Two-and-a-half weeks ago, this Argentine-born, Jewish-Israeli-Berlin transplant put aside everything she was doing, walked over to the train station and found a spare 50-square-meter (540-square-foot) space on the lower level that wasn’t being used. She earmarked it for her children’s corner. This one-woman initiative would soon evolve into a project employing hundreds of volunteers working around the clock for the benefit of thousands of refugee children.
400 volunteers
On that first day, Cycman grabbed whatever she could find in her home office and threw it into a trolly. “I took water colors, construction paper and scissors, and headed back to the train station,” she recounts. There, she arranged all her supplies on a table she found that wasn’t being used.
As each train full of refugees arrived at the station, she waited outside and invited the disembarking women and children to come spend the hours they needed to kill until their next train took off at her crafts table. “That first day, we worked until the last train arrived at 1 A.M.,” she says.
As the days progressed, the operation expanded as donations of toys, games and children’s books started pouring in. Cycman also started receiving requests from people who wanted to volunteer. Today, she has nearly 400 volunteers registered in the special Telegram group she set up for the project.
The children’s corner operates 24 hours a day, doubling as a shelter for mothers and children during the night. It has enough space – as well as mats, sleeping bags and blankets – to accommodate 20 people sleeping on the floor at one time.
Cycman now has nine deputies helping her out, making sure, among other responsibilities, that at least half a dozen volunteers are on hand during every one of the three daily shifts at the children’s corner.
She also has volunteer “detectives” stationed outside whose job it is to keep out predators and other questionable characters.

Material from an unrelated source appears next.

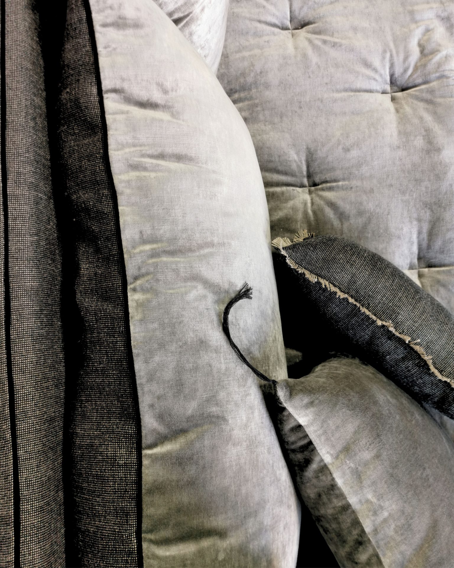 2 grands coussins de dossier recto velours Tsar écorce verso lin Médina caviar finition liseret velours noir
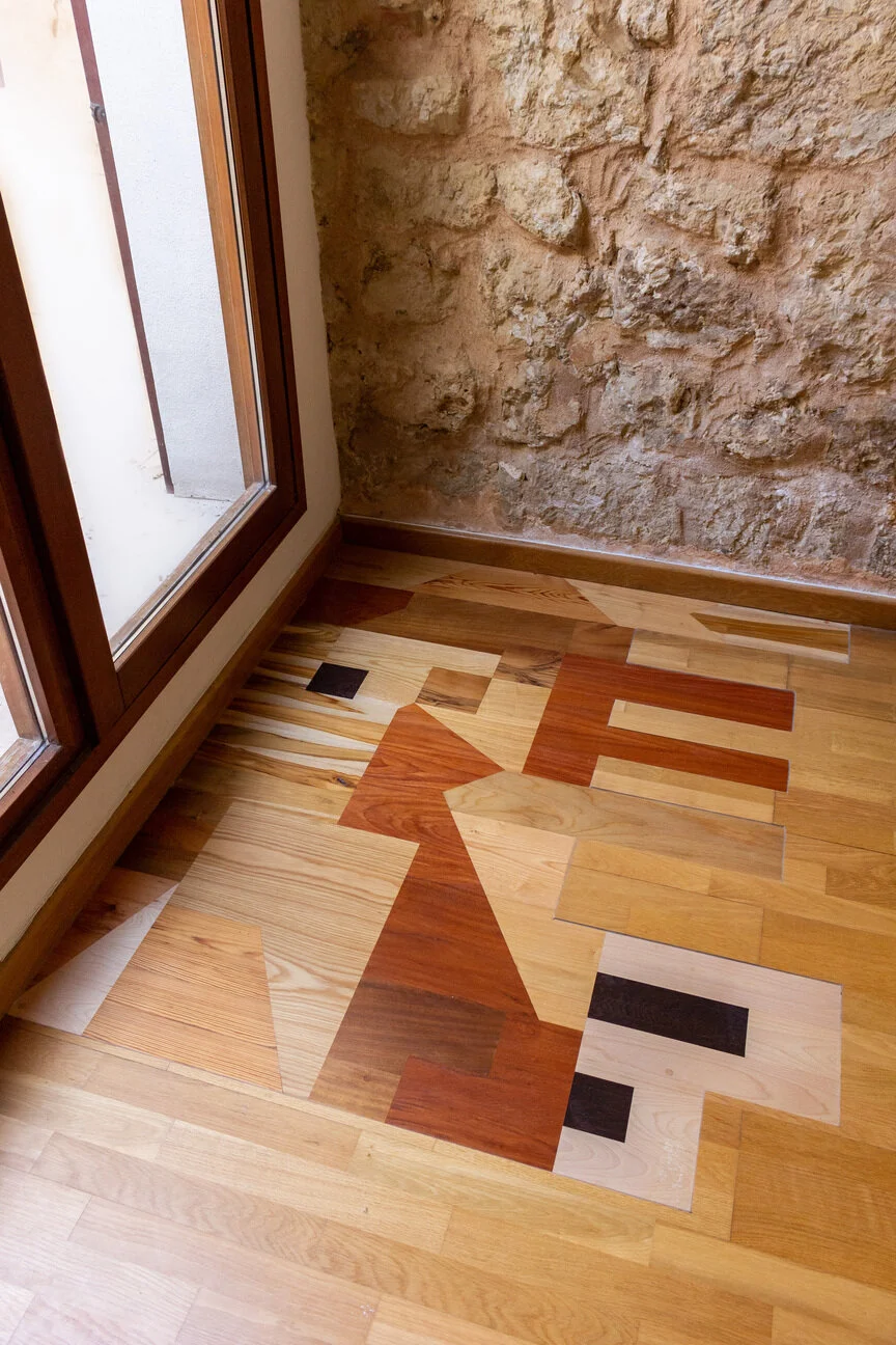 Durante la remodelación de la casa en la C/ Isabel II nº 15, uno de los errores que cometí fue el de elegir (por motivos de costo) un piso de madera laminada para el primer y segundo piso, en lugar de madera maciza. Ha habido varios casos de la superficie superior enchapada de roble que se separa de la base, causada por la entrada de agua de lluvia. Un área en el extremo sur del primer piso sufrió daños particularmente graves e irreparables en 2018 debido a un sello defectuoso en la puerta de la pequeña terraza. De la adversidad surge la oportunidad, y al restaurar la sección de piso dañado, encargué a Guillermo Linares que diseñara un reemplazo de madera maciza, que luego fue fabricado e instalado por su empresa Carpintería Gavila. Lo tituló "El rompecabezas". Hecho de siete maderas diferentes, finalmente fue pulido y sellado en febrero de 2019.

On a visit last week, two volunteers greeted new arrivals at the welcome desk, which was overflowing with giveaways for the children. In addition to colored pencils, construction paper, books and stuffed animals, there were also leaflets in Russian cautioning the mothers to be wary of strangers offering them places to sleep.
Cycman retrieves a rather large stuffed dinosaur from a crate under the desk. “You see this?” she asks. “One of the things we discovered early on was that it wasn’t a good idea to keep big toys or stuffed animals here, because the kids would grab them and their moms would force them to return them because they didn’t have enough room in their bags. So, we came up with a solution.”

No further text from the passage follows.